En octubre de 2025, cuando el mundo debería estar avanzando hacia soluciones globales como la inteligencia artificial o el cambio climático, la Franja de Gaza sigue siendo un infierno en la Tierra, un testimonio vivo del fracaso absoluto de la humanidad. Lo que comenzó como un conflicto en 2023 se ha convertido en una guerra de desgaste interminable, donde las vidas palestinas se cuentan por miles y la comunidad internacional observa con una indiferencia criminal. Es hora de decirlo sin tapujos: esta guerra no es solo un error estratégico, es un crimen contra la humanidad perpetrado por líderes que priorizan el poder sobre las personas, y por un sistema global que permite que continúe.
Critiquemos primero las acciones de Israel, que bajo el pretexto de «defensa propia» ha escalado su ofensiva a niveles de crueldad sistemática. En las últimas semanas, ataques aéreos han matado al menos a 65 palestinos en un solo día, incluyendo bombardeos en campos de refugiados como Nuseirat y Bureij. Ahora, el ejército israelí ha interceptado una flotilla humanitaria con más de 50 barcos destinados a llevar ayuda, mientras ordena la evacuación total de Gaza City bajo amenaza de que quienes queden serán considerados «combatientes». Esto no es guerra; es un asedio medieval disfrazado de operación militar moderna. El ministro de Defensa israelí ha dado un «último aviso» para que los palestinos abandonen su propia ciudad, ignorando que Gaza ya es una prisión al aire libre donde huir significa solo cambiar un peligro por otro. Según informes de la ONU, el 75% de la Franja ha sido demolida o convertida en «zonas de amortiguación» israelíes, un eufemismo para anexión disfrazada. ¿Cuántas vidas más se necesitan para admitir que esto es limpieza étnica en cámara lenta?
Pero no absolvamos a Hamás, cuya intransigencia y uso de civiles como escudos humanos ha prolongado este horror. Mientras revisan el «plan de paz» de 21 puntos propuesto por Estados Unidos bajo la administración Trump –que incluye la liberación de rehenes en 48 horas y amnistía para miembros de Hamás que se comprometan con la paz–, sus líderes siguen lanzando cohetes y rechazando propuestas previas. Este ciclo de retaliación mutua es una farsa: Hamás sabe que cada misil justifica la respuesta desproporcionada de Israel, y viceversa. ¿El resultado? Al menos 35 muertos en un solo día en Gaza City, la mayoría civiles atrapados en el fuego cruzado.
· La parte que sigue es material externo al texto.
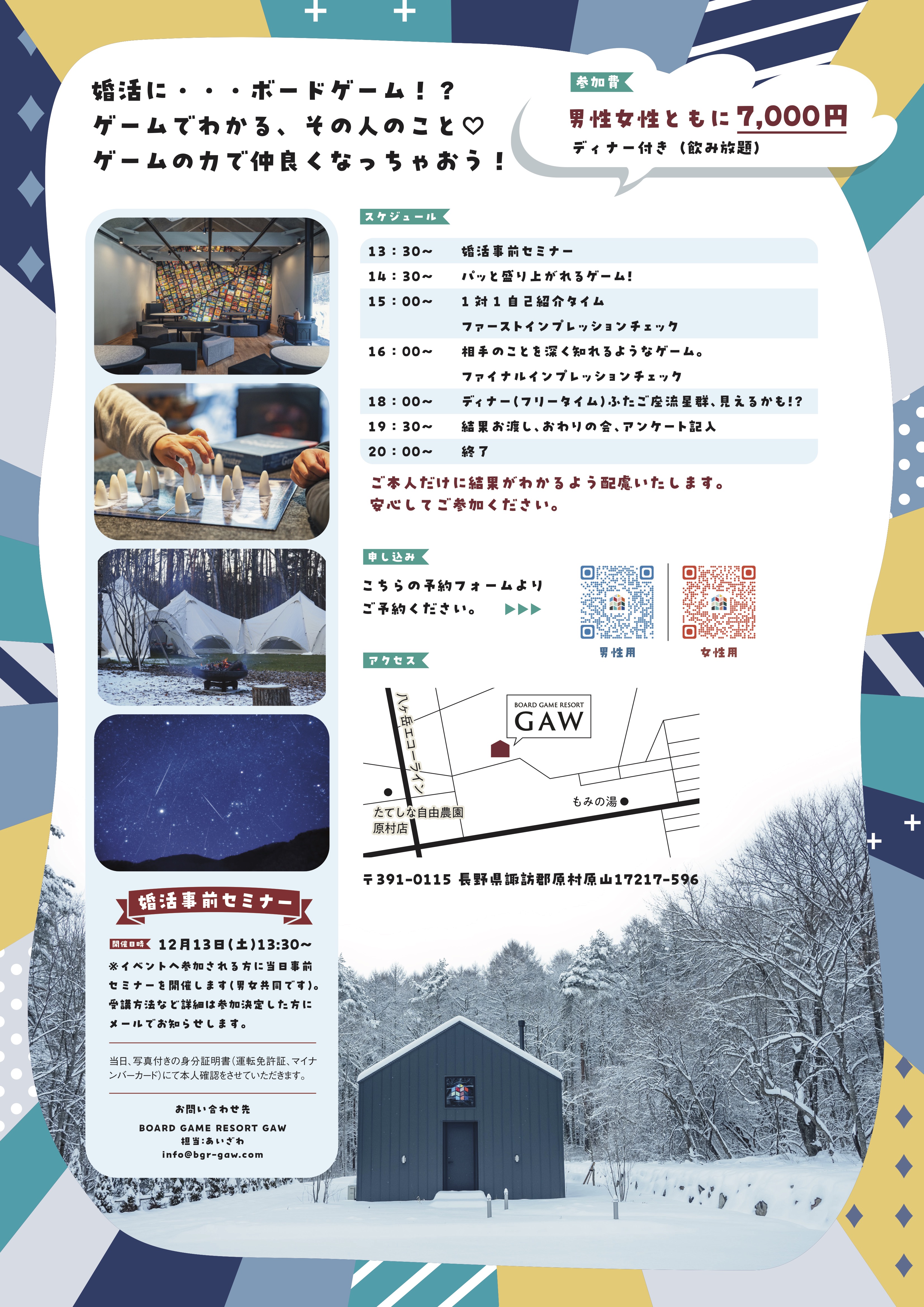 28~45歳の独身男女各15名(定員30名)※申し込み多数の場合は抽選の上、12月6日(土)までにメールでご連絡いたします。

Es una danza macabra donde los extremistas de ambos lados se alimentan mutuamente, sacrificando a su propia gente en el altar del odio ideológico.
Y qué decir de la comunidad internacional, esa gran hipócrita. El plan de Trump, alabado por algunos como «audaz» y «visionario», llega tarde y posiblemente con intenciones electorales, prometiendo un camino hacia un estado palestino, pero sin detalles concretos sobre cómo detener la matanza inmediata. Mientras tanto, potencias como Estados Unidos continúan armando a Israel, y organizaciones como la ONU emiten reportes condenatorios que nadie lee. La flotilla interceptada es un símbolo perfecto: más de 50 barcos con ayuda humanitaria, bloqueados por la marina israelí, mientras el mundo tuitea condolencias, pero no actúa. ¿Dónde está la presión real? ¿Por qué no hay sanciones masivas o intervenciones diplomáticas forzadas? Porque Gaza no tiene petróleo ni influencia geopolítica suficiente. Es un pueblo olvidado, reducido a estadísticas: casi la mitad de las muertes recientes ocurren fuera de Gaza City, en áreas supuestamente «seguras».
Esta guerra no solo destruye cuerpos; aniquila el alma colectiva. Niños crecen bajo bombas, familias entierran a sus muertos en patios traseros, y el mundo sigue girando. Es hora de una crítica radical: basta de excusas. Israel debe detener su ofensiva desproporcionada, Hamás debe aceptar la paz sin condiciones, y el mundo debe imponer un cese al fuego inmediato con consecuencias reales para quienes lo violen. De lo contrario, Gaza no será solo una tragedia; será la prueba de que hemos perdido nuestra humanidad por completo.